MATERIAL SUPPLIED ▸
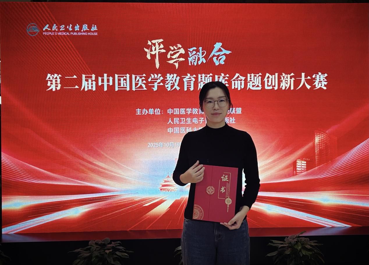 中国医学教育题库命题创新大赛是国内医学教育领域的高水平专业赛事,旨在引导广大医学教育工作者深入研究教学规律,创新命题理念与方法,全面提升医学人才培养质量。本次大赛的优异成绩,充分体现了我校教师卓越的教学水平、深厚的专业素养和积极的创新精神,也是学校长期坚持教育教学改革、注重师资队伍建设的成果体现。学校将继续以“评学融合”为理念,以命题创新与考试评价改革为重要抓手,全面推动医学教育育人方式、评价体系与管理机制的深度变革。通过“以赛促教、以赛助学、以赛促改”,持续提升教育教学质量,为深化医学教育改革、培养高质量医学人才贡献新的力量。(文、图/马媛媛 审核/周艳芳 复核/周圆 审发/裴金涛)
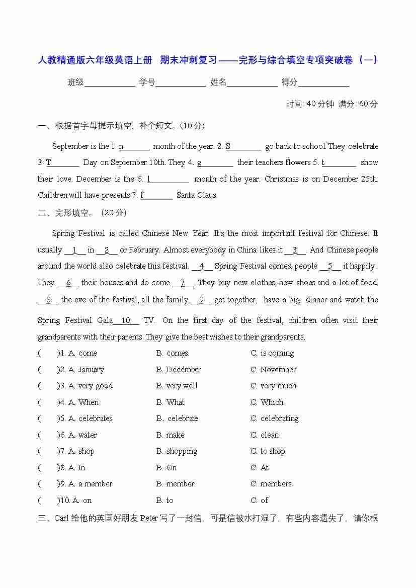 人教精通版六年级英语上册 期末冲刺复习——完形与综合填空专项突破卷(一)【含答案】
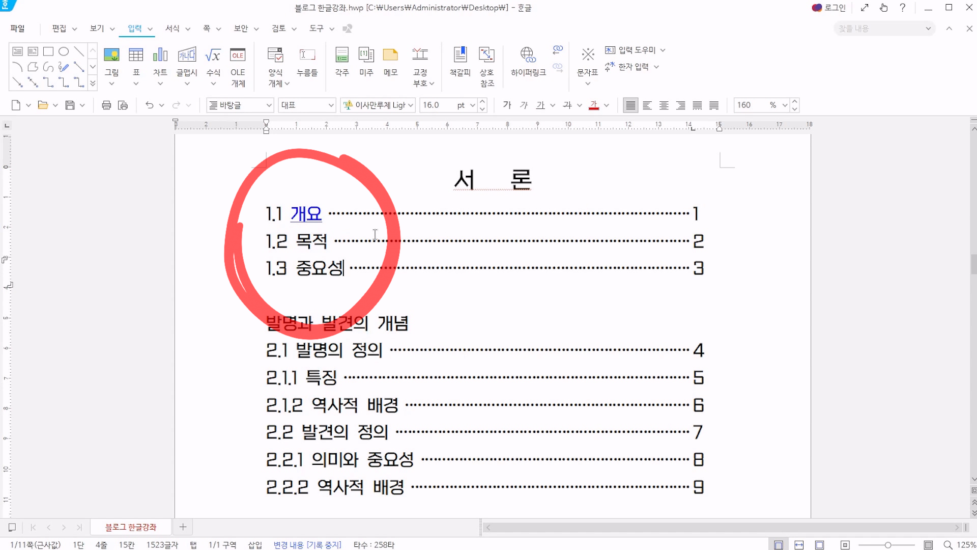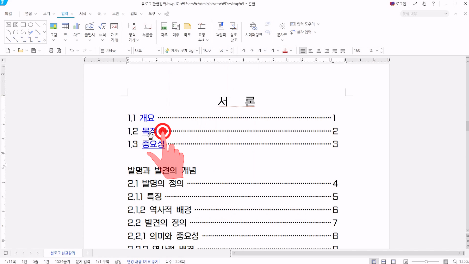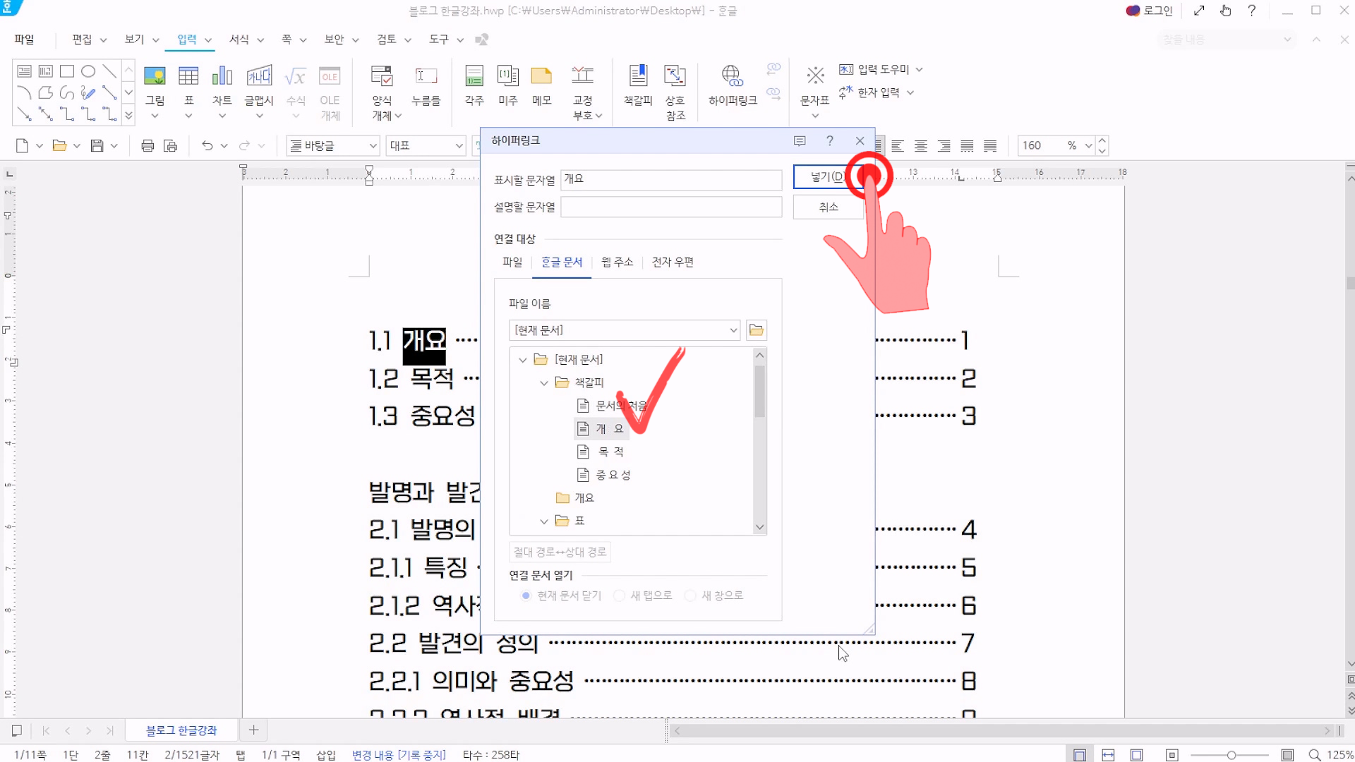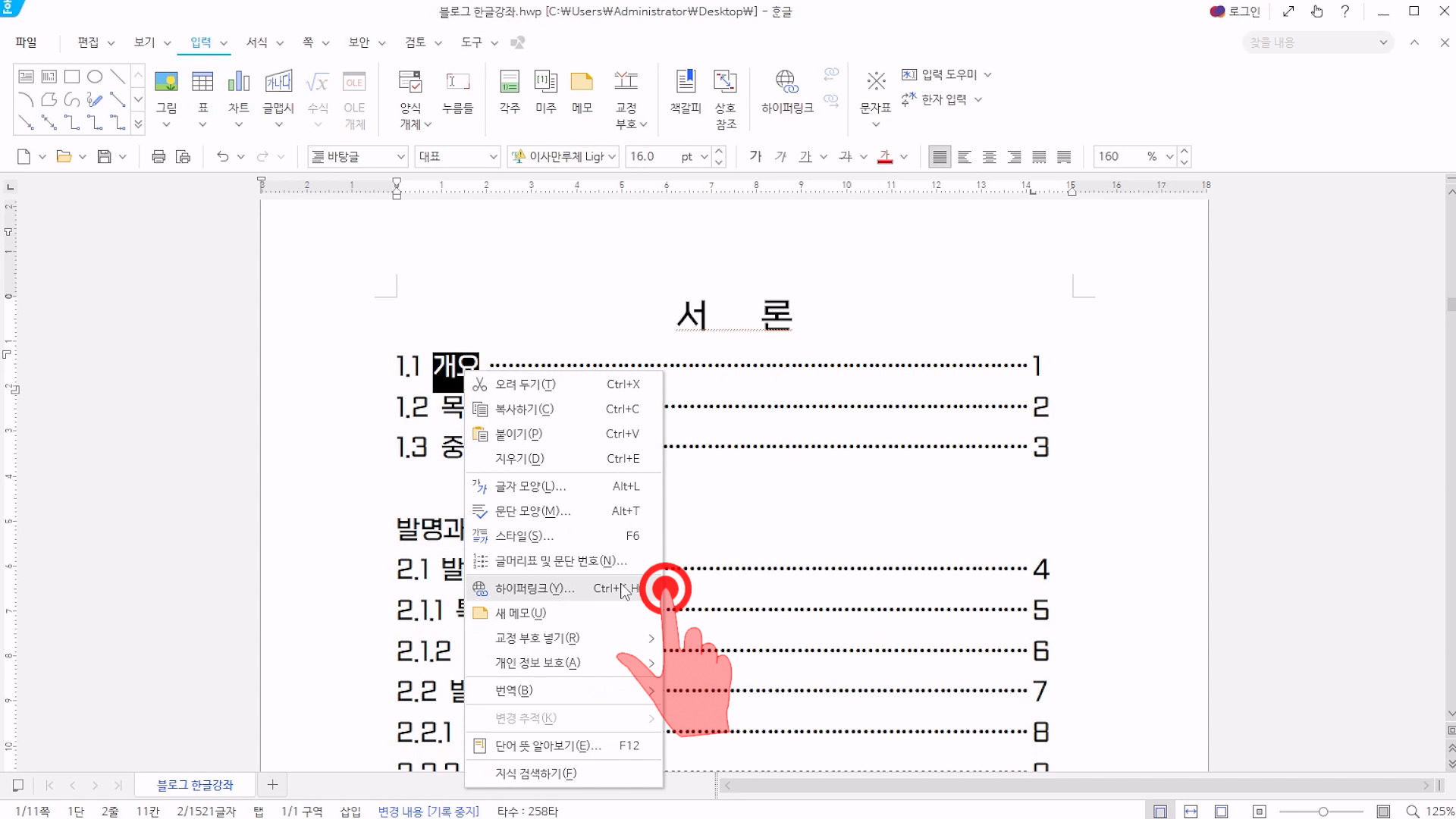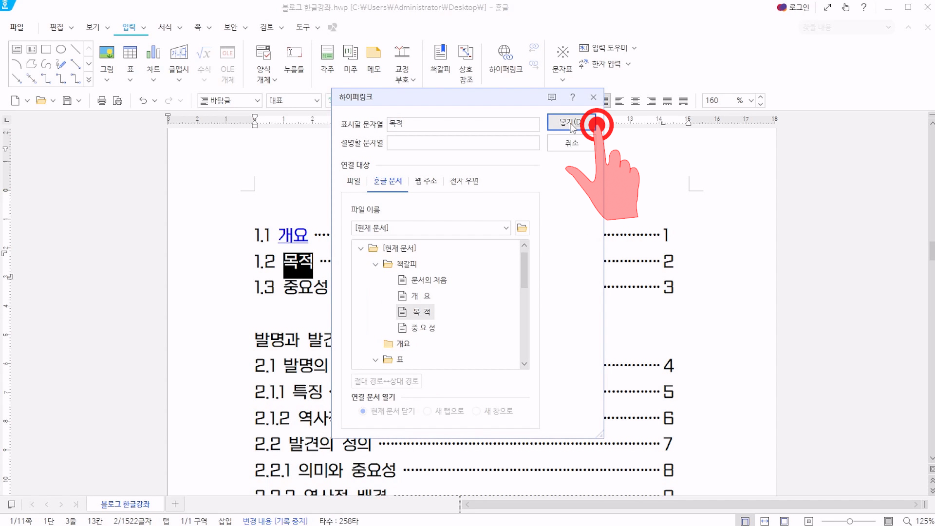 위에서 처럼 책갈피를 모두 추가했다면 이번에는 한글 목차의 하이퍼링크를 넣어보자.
==
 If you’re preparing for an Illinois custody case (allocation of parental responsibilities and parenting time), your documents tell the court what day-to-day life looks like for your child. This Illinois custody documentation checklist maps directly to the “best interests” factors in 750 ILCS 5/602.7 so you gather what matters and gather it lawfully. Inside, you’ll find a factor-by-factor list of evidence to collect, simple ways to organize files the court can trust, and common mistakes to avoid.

TASK TO COMPLETE ▸ Look above for the line with "审核/周艳芳 复核/周圆 审发/裴金涛)" and the line with "위에서 처럼 책갈피를"; set down those two lines and all lines between them exactly, without pictures and without anything else.

RESPONSE TO THIS TASK ▸
 中国医学教育题库命题创新大赛是国内医学教育领域的高水平专业赛事,旨在引导广大医学教育工作者深入研究教学规律,创新命题理念与方法,全面提升医学人才培养质量。本次大赛的优异成绩,充分体现了我校教师卓越的教学水平、深厚的专业素养和积极的创新精神,也是学校长期坚持教育教学改革、注重师资队伍建设的成果体现。学校将继续以“评学融合”为理念,以命题创新与考试评价改革为重要抓手,全面推动医学教育育人方式、评价体系与管理机制的深度变革。通过“以赛促教、以赛助学、以赛促改”,持续提升教育教学质量,为深化医学教育改革、培养高质量医学人才贡献新的力量。(文、图/马媛媛 审核/周艳芳 复核/周圆 审发/裴金涛)
 人教精通版六年级英语上册 期末冲刺复习——完形与综合填空专项突破卷(一)【含答案】
 위에서 처럼 책갈피를 모두 추가했다면 이번에는 한글 목차의 하이퍼링크를 넣어보자.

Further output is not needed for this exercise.